When you reach the line containing "Το σκούρο μπλε", start transcribing exactly and continue through the last line of the data, skipping every picture.
::: Task input
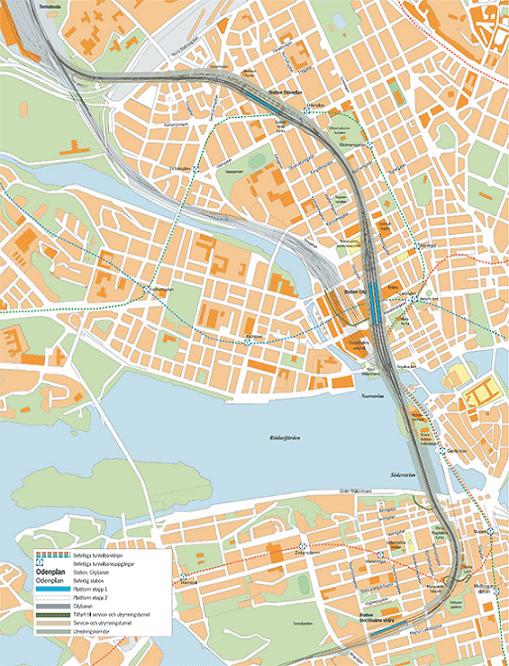 The Citybanan project is a 6-kilometre infrastructure that will double the existing one, which is currently used by local, regional and national rail services. The line will be 30-metre deep will be situates beneath an existing metro line (Blue line). Two new stations will be built in the city centre: Odenplan and T-Centralen.
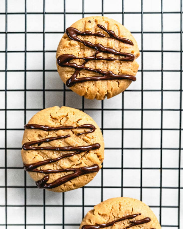 What’s your ultimate easy cookie? These vegan peanut butter cookies are where it’s at for us! They’re soft but perfectly crumbly, and salty sweet. Decorated with the classic criss-cross pattern, they’ve got a sparkle of sugar. And a chocolate icing drizzle makes them look even more fun.
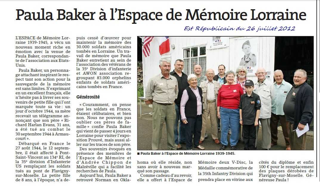 Bradley CLARK et Visites de la Famille CLARK à Omelmont et à l'Espace de Mémoire
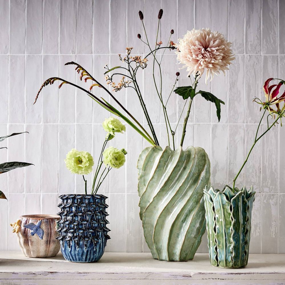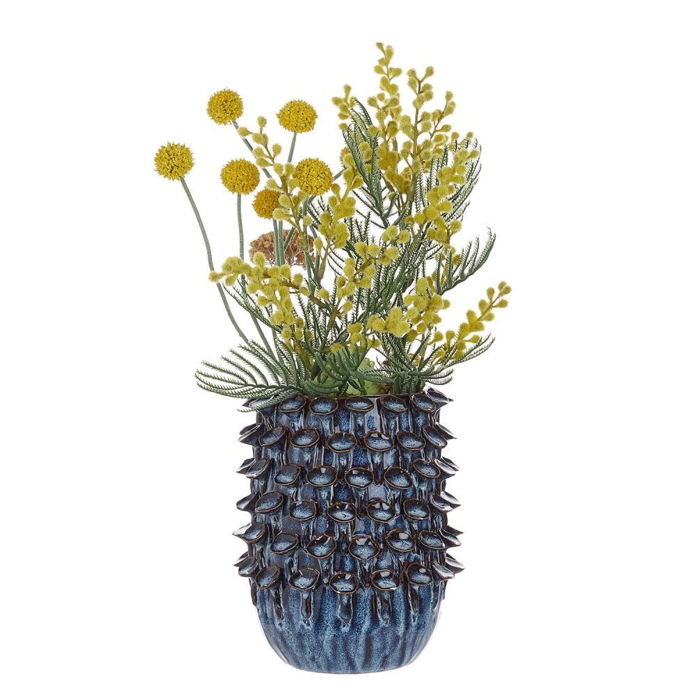 Το σκούρο μπλε γυαλιστερό βάζο GAIA πήρε το όνομά του από τη μυθολογική αρχέγονη μητέρα. Το ασυνήθιστο βάζο είναι διακοσμημένο με οργανικά διαμορφωμένα τρισδιάστατα στοιχεία και όμορφες χρωματικές διαβαθμίσεις, δημιουργώντας μια καλλιτεχνική και ζωντανή επιφάνεια. Ένα πραγματικό στολίδι που θα αναδείξει τα μπουκέτα σας με αποξηραμένα λουλούδια και κλαδιά με εξαιρετικό αποτέλεσμα.
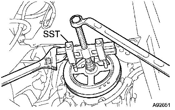a. Using SST, hold the crankshaft damper and loosen the crankshaft bolt.
::::::
*The answer*:
 Το σκούρο μπλε γυαλιστερό βάζο GAIA πήρε το όνομά του από τη μυθολογική αρχέγονη μητέρα. Το ασυνήθιστο βάζο είναι διακοσμημένο με οργανικά διαμορφωμένα τρισδιάστατα στοιχεία και όμορφες χρωματικές διαβαθμίσεις, δημιουργώντας μια καλλιτεχνική και ζωντανή επιφάνεια. Ένα πραγματικό στολίδι που θα αναδείξει τα μπουκέτα σας με αποξηραμένα λουλούδια και κλαδιά με εξαιρετικό αποτέλεσμα.
a. Using SST, hold the crankshaft damper and loosen the crankshaft bolt.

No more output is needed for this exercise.